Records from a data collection
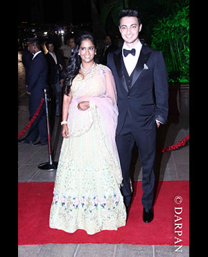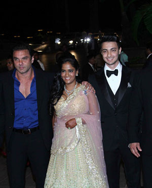 Arpita donned a cream lehenga with light embroidery while Ayush wore a black suit for their reception and the entire family stepped out to pose for the media before the event.
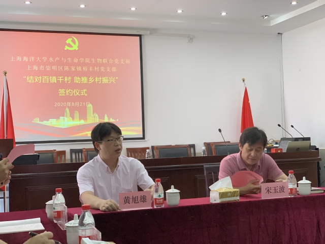 会议由黄旭雄书记主持。裕丰村党支部书记杨凯和生物联合党支部书记杨金龙分别介绍了裕丰村和葡京8883官网入口和生物联合党支部的党建工作。宋玉波镇长介绍了裕丰村近期发展建设方面的需求,并对本次支部共建提出了期望,希望能够发挥葡京8883官网入口的专业技术优势,聚焦生态文明建设需求和乡村振兴的内涵,把裕丰村作为科学技术和发展理念转化的试验田。黄旭雄对宋镇长的期望做出了积极回应,号召生物联合党支部的相关教授团队积极参与裕丰村的河道治理和产业升级。通过双方党支部共建,以党建为统领,以业务为着力点,推进党建工作和业务工作融合创新,为裕丰村、为崇明生态岛建设作出葡京8883官网入口的贡献。随后生物联合党支部和裕丰村党支部签订了支部共建协议书。
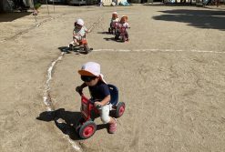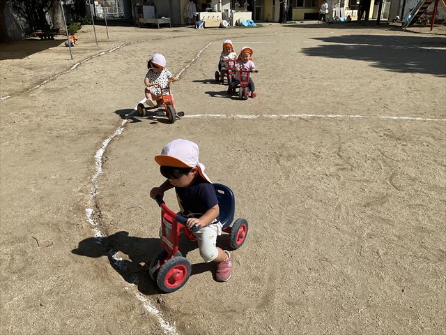 身体を動かして遊ぶ事が楽しくなってきました。園庭に出ると滑り台や鉄棒を指さして「あれがいい!」と言って遊具に挑戦しする姿が見られます。中でも三輪車が人気で自分の順番が来るととても嬉しそうに乗っています♪
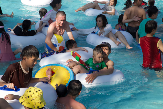 Nhiều người ở TP.HCM đến công viên nước Đầm Sen giải nhiệt trong ngày thứ 2 của kỳ nghỉ lễ 30/4 - 1/5.
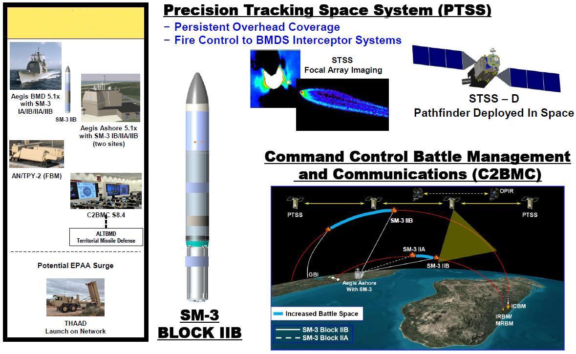 - создание точной космической системы обнаружения ракет под названием PTSS (требуется, так как не всегда оптимально местонахождения устройств слежения и обнаружения наземного и надводного типа на территории тех государств, которые разрешили их разместить);
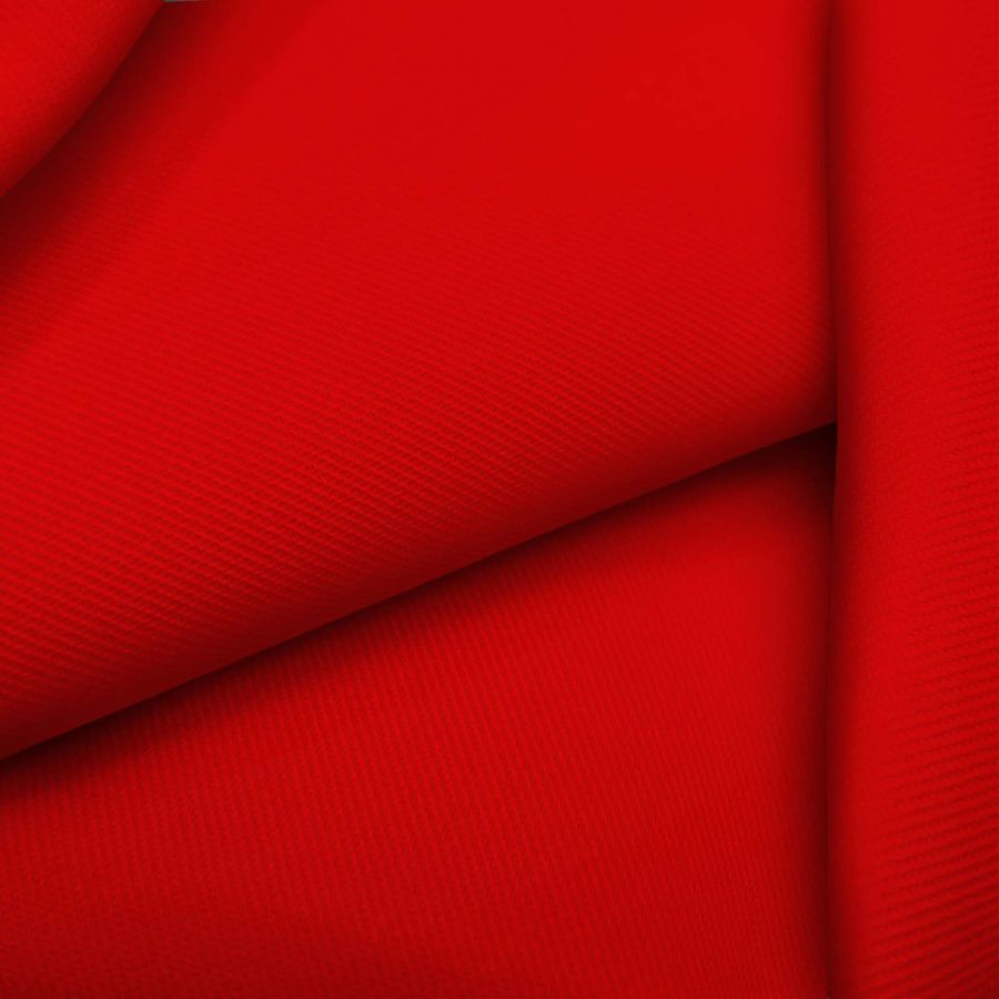 La tela base es una sarga Prada compuesta por 96% poliéster y 4% elastano, con un gramaje de 220 gr/m2 y un ancho de 150 cm. El color liso impreso es rojo pigmento con los siguientes valores en CMYK: 3 100 100 1. Este color evoca la pasión y el amor, y se combina bien con tonos neutros como el gris y el blanco, así como con colores vivos como el amarillo y el naranja.
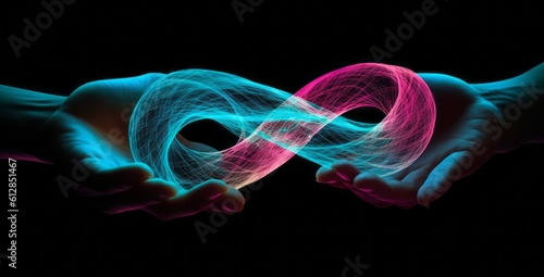 Wall mural hand holding virtual reality infinity symbol community connection of metaverse world global network  - Wall murals Wall mural hand holding virtual reality infinity symbol community connection of metaverse world global network - Wall murals
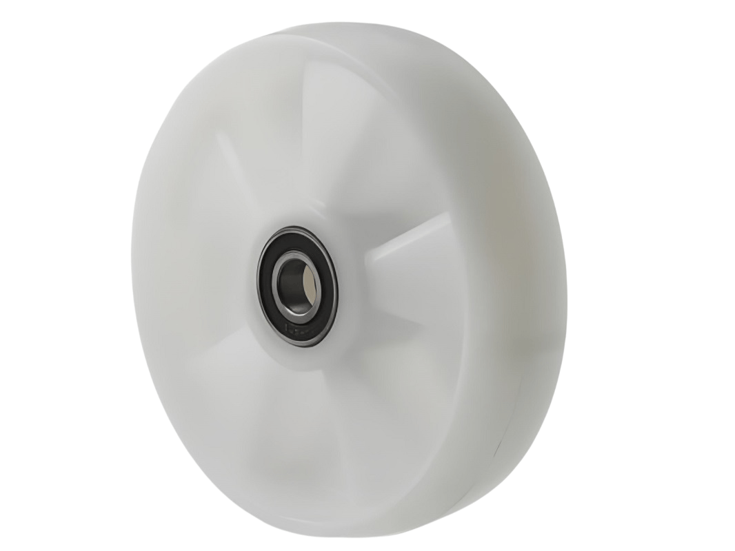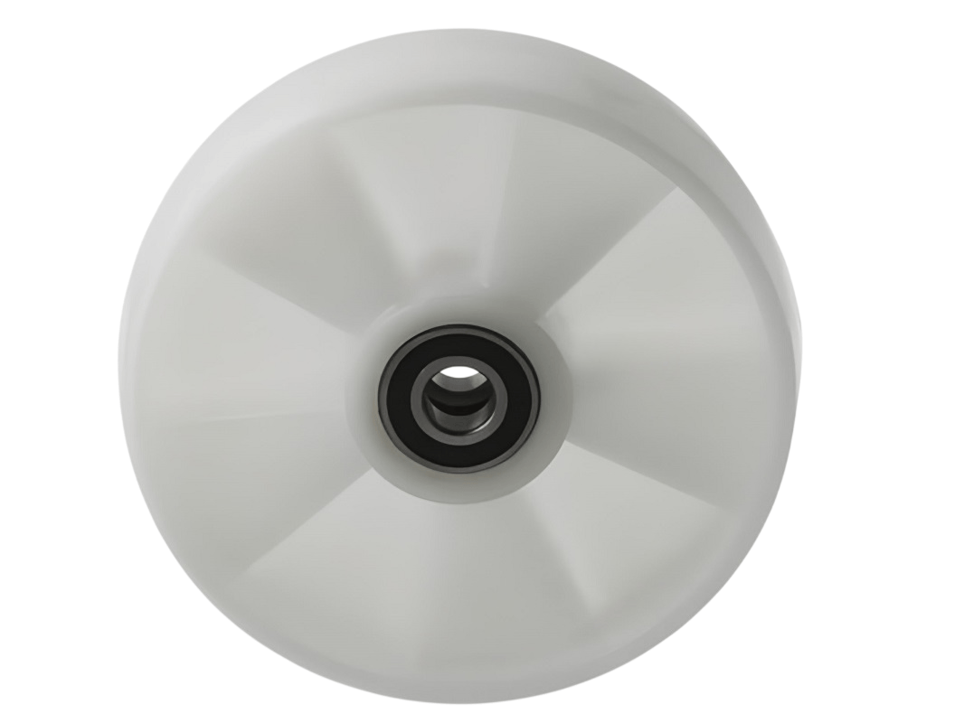 - Нейлон обладает высокой устойчивостью к износу и механическим повреждениям, что обеспечивает длительный срок службы колеса, даже в условиях интенсивных нагрузок;
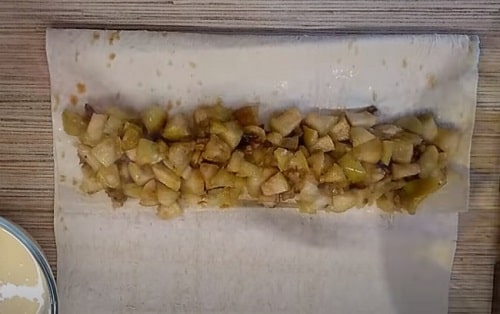 - Розкладіть пласт лаваша, рівномірно розподіліть начинку.
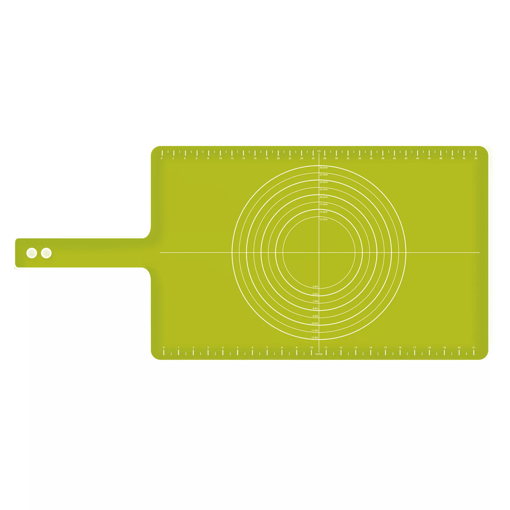 Guía de tamaño de rollo impresa para preparar masa en el mismo mat, y va de 0 a 54 cm a lo largo de un borde y de 12,5 a 30 cm de diámetro en el medio
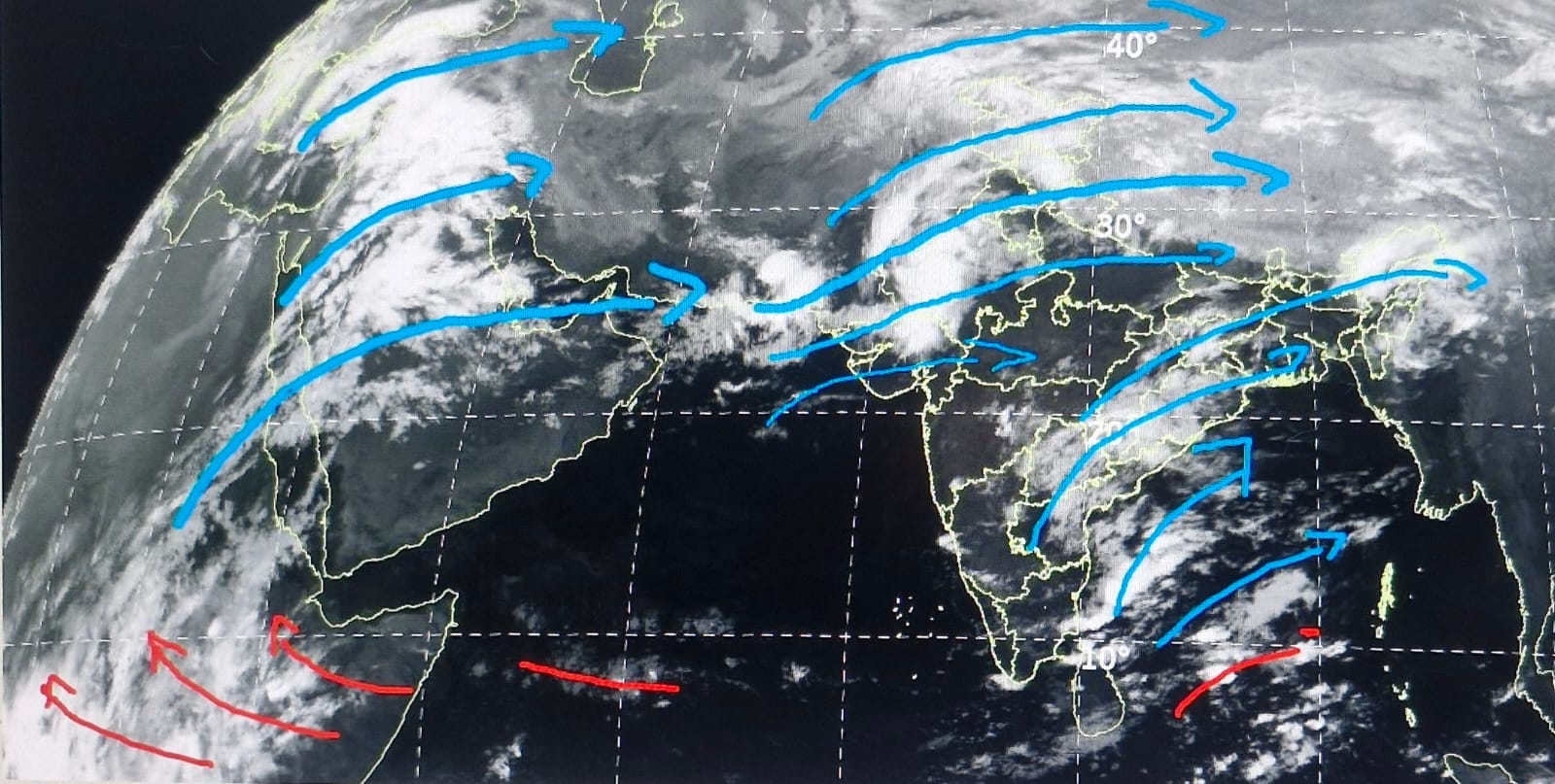 पश्चिमी बादलों का जाल गुजरात के उत्तरी भाग से लेकर महाराष्ट्र, कर्नाटक, तेलंगाना, आंध्रा, उड़ीसा, छग, एमपी, झारखंड से लेकर उत्तर – पूर्वी राज्यों तक फैला हुआ है।
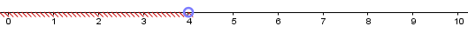 Неравенство \(\displaystyle x< 4\) соответствует множеству точек на прямой:
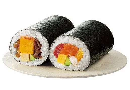 | 2種の恵方巻(恵方巻・海鮮恵方巻) | 973円 / 1,050円 | 全国 | 恵方巻:長さ9cm×直径4.5cm、海鮮:長さ9cm×直径4.7cm | 恵方巻(玉子焼、高野豆腐、穴子、かんぴょう煮、椎茸煮、きゅうり、おぼろ)、海鮮恵方巻(漬けサーモン、まぐろたたき身、玉子焼、海老、きゅうり、数の子) |
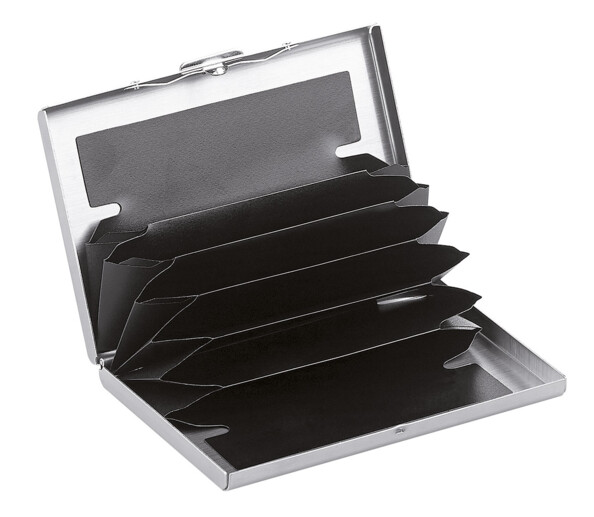 L'étui à 6 compartiments protège la puce RFID de vos cartes et empêche la lecture de vos données. Ainsi, votre carte bancaire, votre carte Vitale ou votre permis de conduire sont sécurisés ! Avec son design élégant en acier inoxydable brossé et ses dimensions compactes, l'étui se glisse dans tous les sacs à mains et poches sans jurer avec votre style.
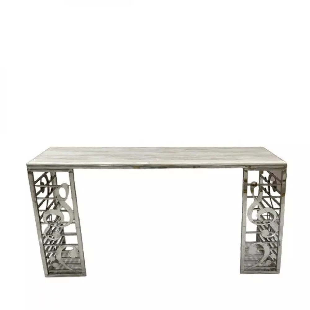 إضافة فاخرة لقطع الأثاث في منزلك العصري، طاولة كونسول، مصمم بسطح رخام وطابع خاص مثالي لعرض مختلف التماثيل وقطع الديكور، مصنوع من أجود الخامات بقاعدة معدنية لضمان المتانة والاستدامة. يمكن تنظيفه بكل سهولة .
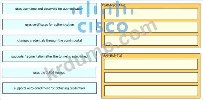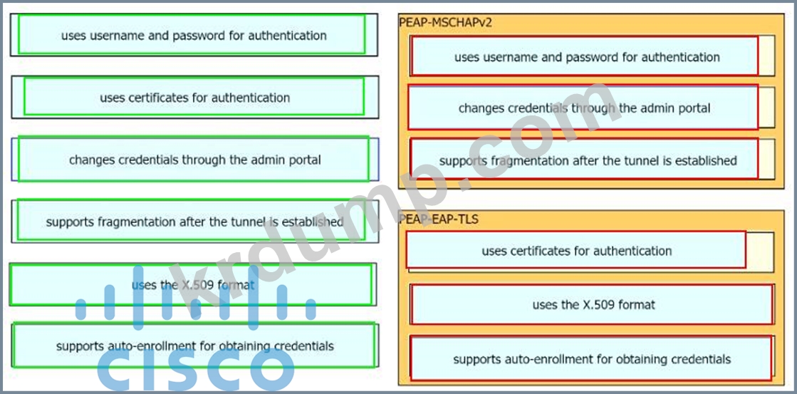 조직에서 802.1X를 구현하려고 하며 인증에 PEAP-MSCHAPv2 또는 PEAP-EAP-TLS를 사용할지 여부를 논의하고 있습니다. 왼쪽의 특성을 오른쪽의 해당 프로토콜로 드래그합니다.
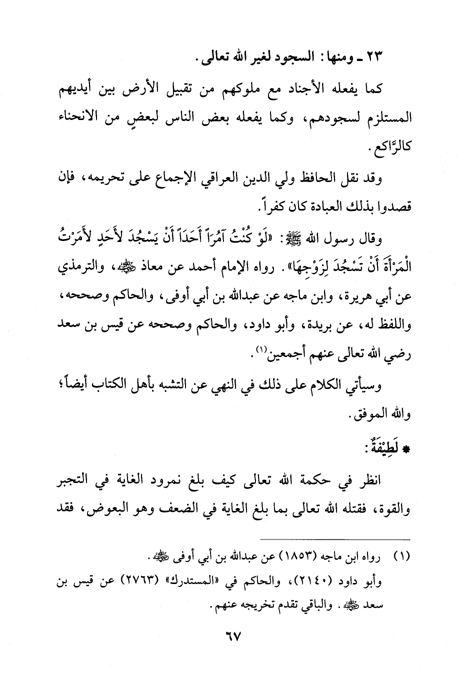 وقال رسول الله - صلى الله عليه وسلم -: "لَوْ كُنْتُ آمُرًا أَحَدًا أَنْ يَسْجُدَ لأَحَدٍ لأَمَرْتُ الْمَرْأةَ أَنْ تَسْجُدَ لِزَوْجِهَا". رواه الإمام أحمد عن معاذ - رضي الله عنه -، والترمذي عن أبي هريرة، وابن ماجه عن عبد الله بن أبي أوفى، والحاكم وصححه، واللفظ له، عن بريدة، وأبو داود، والحاكم وصححه عن قيس بن سعد رضي الله تعالى عنهم أجمعين (¬1).
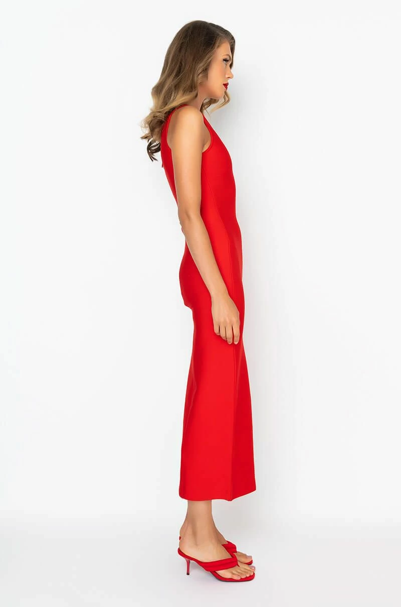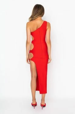 Meet us on the floor in the AKIRA Label Save It For The Dance One Sleeve Maxi Dress! This dress is made from a bandage fabrication, and is complete with side cut outs with buckle details, a one shoulder tank strap, and a hidden back zipper closure. Complete your evening ensemble with a pair of gold detailed stilettos.
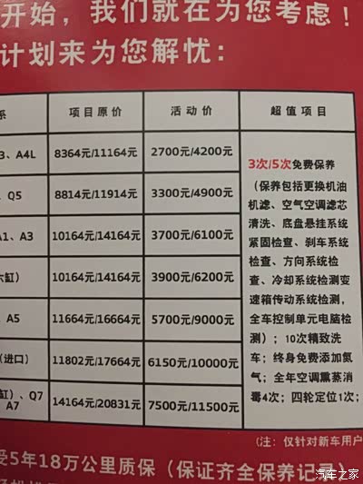 奥迪A4L保养价格---跟帖上传保养价格送米了
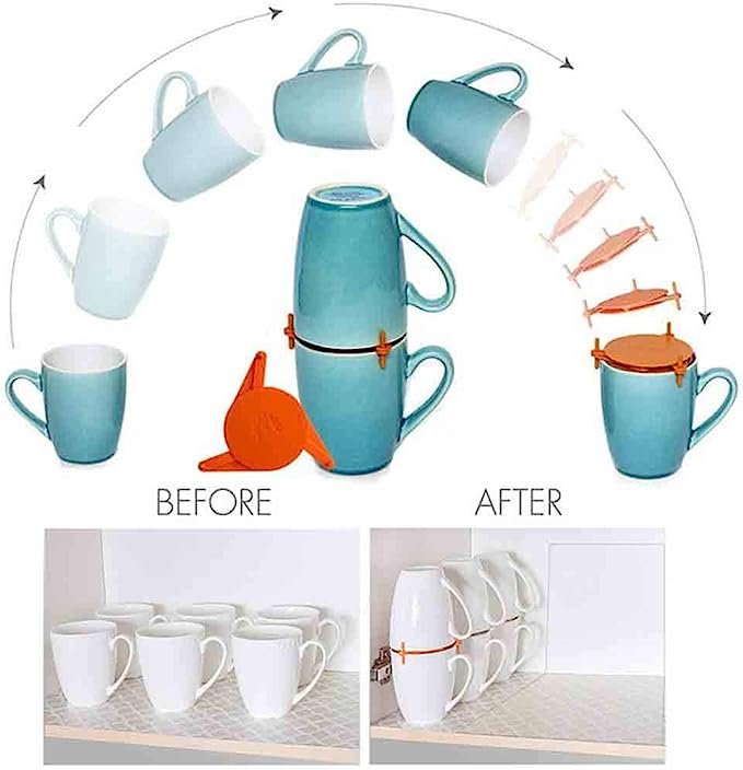 Very easy to use, just place one Stacker on top of a coffee cup, then set another one upside-down, right on top. Give the Stacker a gentle squeeze to adjust to the size, and your coffee cups are safe and sound, in just the right amount of space. Very practical kitchen organization and storage gadget.

◆ Exercise description
What are the lines from the one containing "وقال رسول الله" through the end of the records? Write them out exactly, leaving out the pictures.

◆ Expected answer
 وقال رسول الله - صلى الله عليه وسلم -: "لَوْ كُنْتُ آمُرًا أَحَدًا أَنْ يَسْجُدَ لأَحَدٍ لأَمَرْتُ الْمَرْأةَ أَنْ تَسْجُدَ لِزَوْجِهَا". رواه الإمام أحمد عن معاذ - رضي الله عنه -، والترمذي عن أبي هريرة، وابن ماجه عن عبد الله بن أبي أوفى، والحاكم وصححه، واللفظ له، عن بريدة، وأبو داود، والحاكم وصححه عن قيس بن سعد رضي الله تعالى عنهم أجمعين (¬1).
 Meet us on the floor in the AKIRA Label Save It For The Dance One Sleeve Maxi Dress! This dress is made from a bandage fabrication, and is complete with side cut outs with buckle details, a one shoulder tank strap, and a hidden back zipper closure. Complete your evening ensemble with a pair of gold detailed stilettos.
 奥迪A4L保养价格---跟帖上传保养价格送米了
 Very easy to use, just place one Stacker on top of a coffee cup, then set another one upside-down, right on top. Give the Stacker a gentle squeeze to adjust to the size, and your coffee cups are safe and sound, in just the right amount of space. Very practical kitchen organization and storage gadget.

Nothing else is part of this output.